An extended gay joke was removed from trailers for Vince Vaughn's new comedy The Dilemma after public outcry. But it's going to stay in the movie. Why? Because, according to director Ron Howard, removing it would "endanger comedy."
Vaughn had already defended the joke in a statement that seemed to express the belief that his gay joek "brings us together." Howard, for his part, just expressed the reasons behind his decision to keep the line in the movie in a rambling email to Patrick Goldstein of the Los Angeles Times,
Did you think it wasn't offensive? I don't strip my films of everything that I might personally find inappropriate. Comedy or drama, I'm always trying to make choices that stir the audience in all kinds of ways.
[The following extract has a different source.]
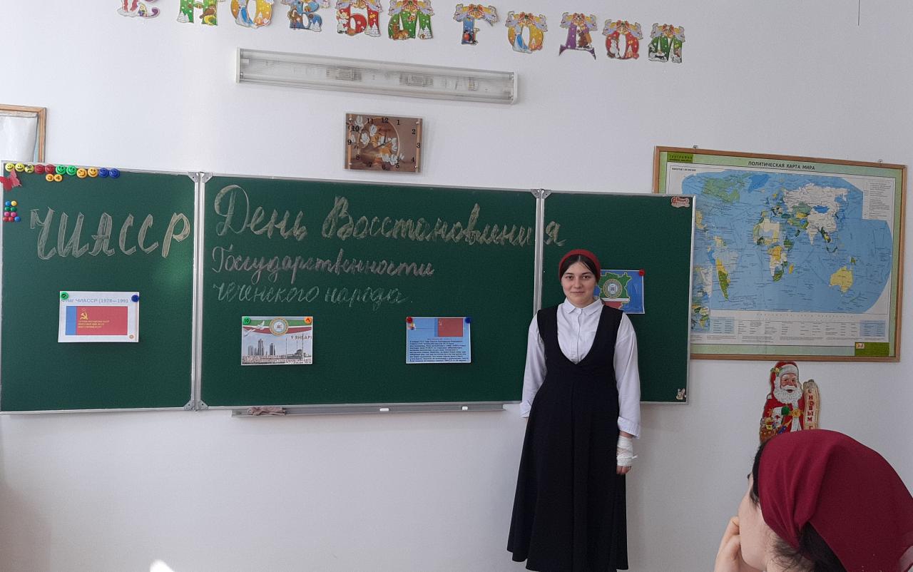 На части ее территории была образована Грозненская область. Остальная территории упраздненной республики была передана в состав соседних республик.После депортации чеченцы были вычеркнуты из списка народов СССР, и делалось все, чтобы стереть память о них: уничтожались редкие рукописи, книги и архивы, записи фольклорных текстов, любая литература и периодические издания с упоминаниями чеченцев. В горах взрывались средневековые башни, гробницы и святилища, с землей сравнивались зиярты и кладбища, а надгробия разбивались и использовались для строительных работ. До сих пор в Чечне находят надгробные памятники, которые использовались при строительстве мостов, дорог, фундаментов. В период депортации демонтировались все памятники чеченским героям революции и гражданской войны. С исторических карт Грозненской области исчезли все чеченские названия сел и районов.После смерти Иосифа Сталина и расстрела Лаврентия Берии партийные и государственные органы Советского Союза приняли ряд мер, направленных на последовательное восстановление социалистической законности и преодоления тяжелых последствий репрессивной политики сталинского режима.24 ноября 1956 года было принято Постановление ЦК КПСС «О восстановлении национальных автономий калмыцкого, карачаевского, чеченского и ингушского народов». На основании этих документов 9 января 1957 г. Президиум Верховного Совета СССР издал Указ №149/14 «О восстановлении Чечено-Ингушской АССР в составе РСФСР». В тот же день Президиум Верховного Совета РСФСР издал Указ №721/4 «О восстановлении Чечено-Ингушской АССР и упразднении Грозненской области».21 февраля 1957 года Совет Министров РСФСР принял постановление «О мерах помощи Чечено-Ингушской АССР». В качестве первостепенной была поставлена задача (с учетом предложения Оргкомитета по ЧИАССР) переселить в 1957 году из Казахской ССР и Киргизской ССР 17 тысяч семей чеченцев и ингушей (с учетом прибывших до 1 января 1957 года).Народы Чечено-Ингушской республики добились того, к чему они стремились долгие годы: процветания своей исторической Родины. Хвала людям, которые в те смутные времена трудились, прокладывая дорогу в светлое будущее своих потомков. Мы и сегодня с восхищением слушаем рассказы наших дедов и отцов, о том, как, несмотря на все трудности, которые довелось пережить нашему народу, мы смогли не только устоять и не пасть духом, но и сохранить свой родной язык, культуру и традиции.Наши деды оставили нам в наследство эту землю, на которой мы сегодня живем и строим счастливое будущее.В рамках празднования даты восстановления ЧИАССР 09.01.2023 г в МБОУ «Бурунская СОШ» прошли классные часы и беседы:«Возвращение родины», «Мир и Дружба навеки», «Навеки вместе» «Важные страницы нашей истории».

This Ronny Valentine character can be offensive and inappropriate at times and those traits are fundamental to his personality and the way our story works.
Will comedy be neutered if everyone gets to complain about every potentially offensive joke in every comedy that's made? Anybody can complain about anything in our country. It's what I love about this place. I defend the right for some people to express offense at a joke as strongly as I do the right for that joke to be in a film. But if storytellers, comedians, actors and artists are strong armed into making creative changes, it will endanger comedy as both entertainment and a provoker of thought.
Wow! I never really thought of it like this, but Vince Vaugn's extended "electric cars are gay" speech did both entertain and provoke thought. All manner of, like, important thoughts were totally provoked, such as, for example, political thoughts and philosophical thoughts. And all kinds of entertainment was provided! Such wit and verve! It was like fucking Tale of the Tub for the 21st century.
Now I feel awful for "strong arming" Ron Howard into taking that joke out of his movie. And so awful, too, for strong-arming Michael Richardson into not making obscenely racist jokes!